Faced with this selection of Tacla’s work, the viewer could experience the same fascination that overwhelms when in front of an abandoned building, a forgotten civilization, the image of what was inhabited, full of life and is now just History. But it is a naked History, already devoid of the humanity that created it.
From the human perspective, paintings show the brutal desolation that follows the conflict. Señal de Abandono seems to replicate a moment in which time has been suspended in a devastating reality. And if there is a future to be seen, it is not very optimistic. When the Oklahoma City Federal building was attacked in 1995, images came all together to the artist’s mind: the earthquakes in Chile; the bombing of La Moneda in Santiago; the wars in the Middle East; the Lebanese civil war; the occupation of Beirut; the massacres of Palestine in 1982. “At that moment, the idea that this is just the beginning came also to me immediately, this is what we will be seeing more and more from now on” he predicted. And so it was, perhaps not because Tacla’s skills as a fortune teller, but because it is part of a dark side of human nature and a History that does nothing but repeat itself: later we saw the Twin Towers fall, attacks in Europe, more desolation in the Middle East.
Tacla’s work encloses the magnetism of a frozen moment within History. Or perhaps post-History, because it represents the moments of a recently devastated civilization. Something inside the spectator plays with the feelings of nostalgia and the seduction of the devastated, of a spell of extinction and horror, “the sublime of the images, without ceasing to see their horror,” sums up the artist. Tacla brings with his paintings the same affliction that seized him after seeing the effects of the devastating earthquake in Chile in 1985: “It feels like a kind – which is the opposite to gravity? – of vertigo,” he explains in an interview with Laurence Weschler. Not surprisingly, Tacla has been defined as the painter of destruction.

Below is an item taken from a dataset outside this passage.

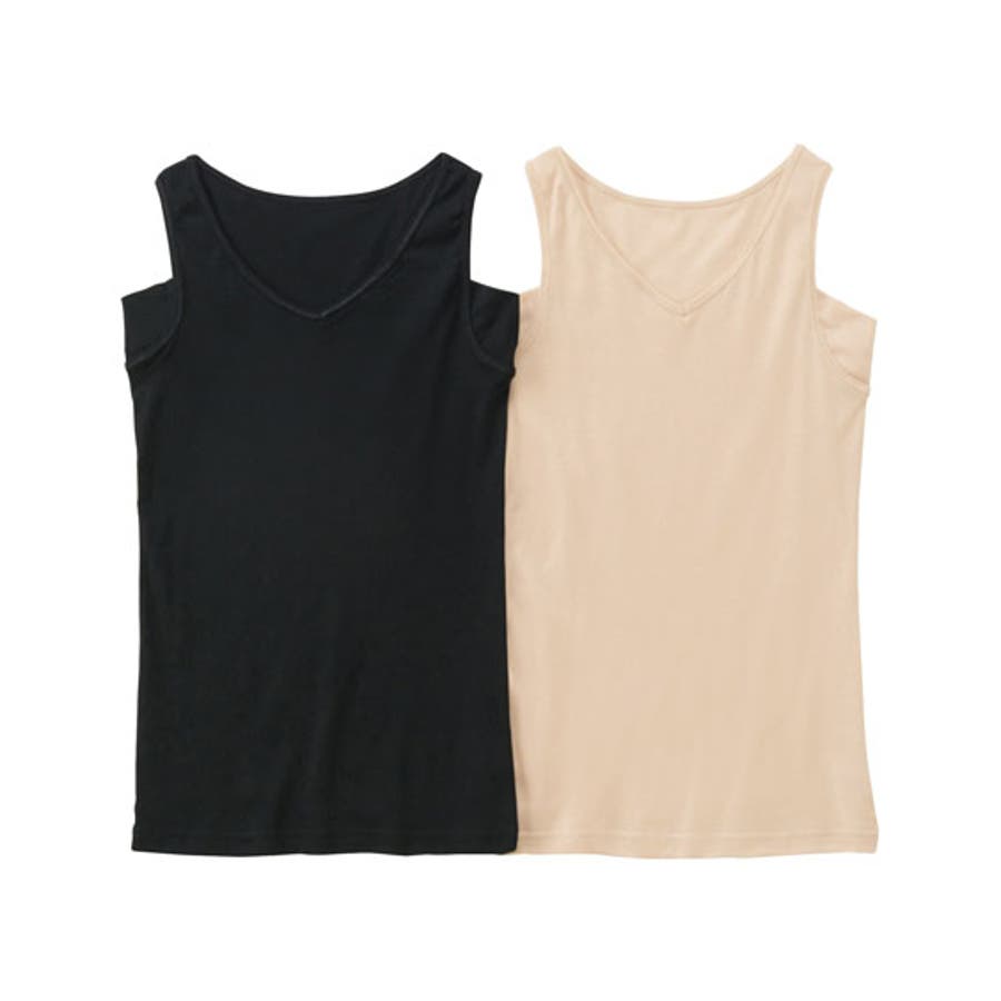 吸汗速乾 綿混汗取り付タンクトップ2枚組

In his work, the artist connects the points of his personal history with traces of humanity’s history. His grandparents emigrated from Palestine and Syria, as a consequence of the fall of the Ottoman Empire. The artist’s youth was marked by turbulent moment in the history of Chile, with the rise of communism and the coup d’état of General Pinochet. Tacla saw the effects of La Moneda’s bombardment and when the conservatory where he studied music closed, he ended up studying painting and emigrated to New York. The artist probably began to form those images of devastation, evoking, in turn, a memory of his roots: “my previous history could have made me more receptive to future implications ”, explains the artist. But Tacla sees the ruins, the demolished facades, the shaky structures, as a symbol: “Ruined buildings also contain, for example, intimate scenes, since individual bodies can also be destroyed.” Tacla tries to open a space for reflection, to slow down and perhaps to establish a dialogue about the instability of the world: “everything is constantly moving and destroying itself,” he clarifies. But he is also critical as the world “feels as if we were always at war,” he confesses. The artist presents the exterior of abandoned ruins as well as the interior, as we can see in Señal de Abandono.
Throughout his career, Tacla has been awarded numerous grants and fellowships. Most recently, Tacla completed a residency at the Rockefeller Foundation Bellagio Center in Bellagio, Italy (2013). Notable awards include New York Foundation for the Arts (1987, 1991); the Eco Art Award, Rio de Janeiro, Brazil (1992); and the John Simon Guggenheim Memorial Foundation (1988), among others. Tacla lives and works in New York City and Santiago, Chile.